“The war against Iraq is as disastrous as it is unnecessary; perhaps in terms of its wisdom, purpose and motives, the worst war in American history…. Our military men and women…were not called to defend America but rather to attack Iraq. They were not called to die for, but rather to kill for, their country. What more unpatriotic thing could we have asked of our sons and daughters…?”
Additional Quotes by William Sloane Coffin
I love the recklessness of faith. First you leap, and then you grow wings.
Hope is a state of mind independent of the state of the world. If your heart's full of hope, you can be persistent when you can't be optimistic. You can keep the faith despite the evidence, knowing that only in so doing has the evidence any chance of changing. So while I'm not optimistic, I'm always very hopeful.""It is terribly important to realize that the leap of faith is not so much a leap of thought as of action. For while in many matters it is first we must see then we will act; in matters of faith it is first we must do then we will know, first we will be and then we will see. One must, in short, dare to act wholeheartedly without absolute certainty.
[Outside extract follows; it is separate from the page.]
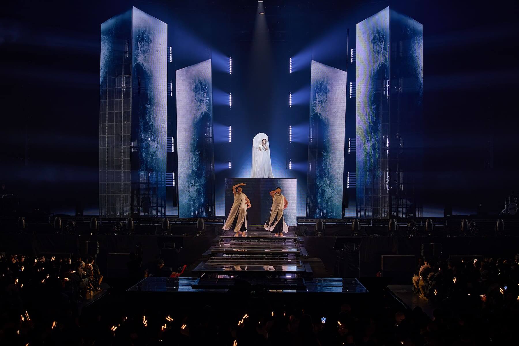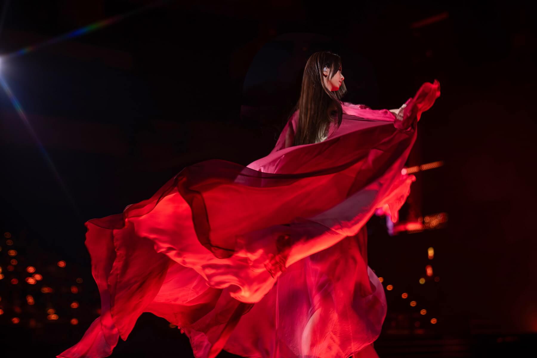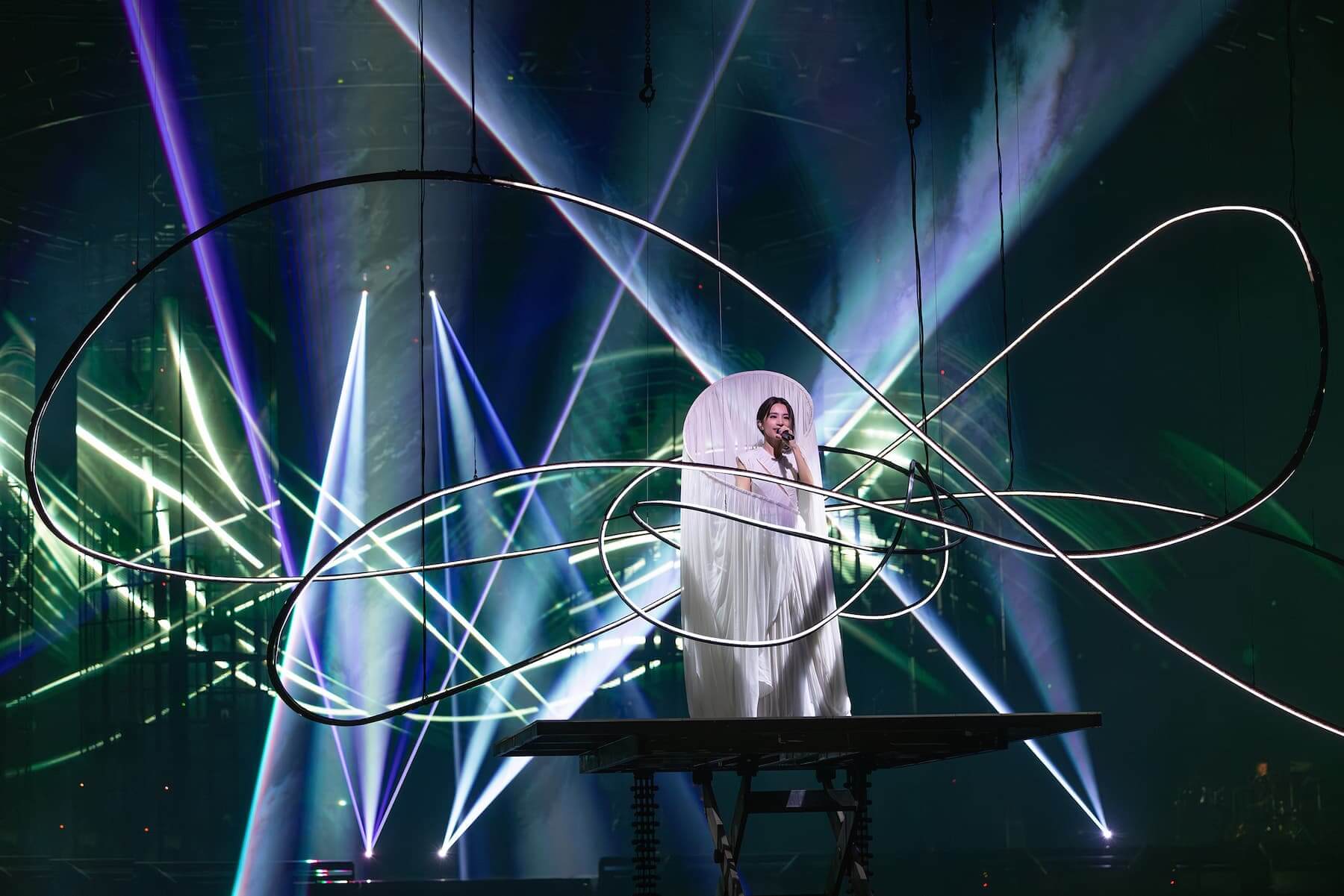 田馥甄在莫比烏斯光環道具包圍中演唱〈獨善其身〉。

Law is not as disinterested as our concepts of law pretend; law serves power; law in large measure is a recapitulation of the status quo; it confirms a rigid order designed to insulate the beneficiaries of the status quo from the disturbances of change. The painful truth--one with a long history--is that police are around in large part to guarantee a peaceful disgestion for the rich.
I'm not always optimistic but i am always hopeful.
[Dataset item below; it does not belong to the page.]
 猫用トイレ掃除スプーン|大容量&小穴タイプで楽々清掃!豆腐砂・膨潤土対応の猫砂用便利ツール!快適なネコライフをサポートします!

For more than forty years, William Sloane Coffin has spoken with prophetic zeal on matters of war and peace, social justice and religious faith.
His early years—birth in New York City, later childhood in Carmel, California, musical studies in Paris, New England preparatory schools—suggest a world of almost limitless opportunity. Wartime enlistment in the army and four years of active duty suggest his readiness to engage with history in the making.
After the war, he earned a degree at Yale, enrolled in theological seminary and then worked for three years in the Central Intelligence Agency. Coffin returned to theology in 1953, earning his Bachelor of Divinity from Yale. He was ordained a Presbyterian minister and became a chaplain, attaining national prominence during his seventeen years as chaplain at Yale. In 1977 he became senior minister of Riverside Church in New York City. Ten years later he resigned in order to lead SANE/FREEZE (later renamed Peace Action). He lives in Vermont where he completed a book of reflections on his faith, Credo (2003).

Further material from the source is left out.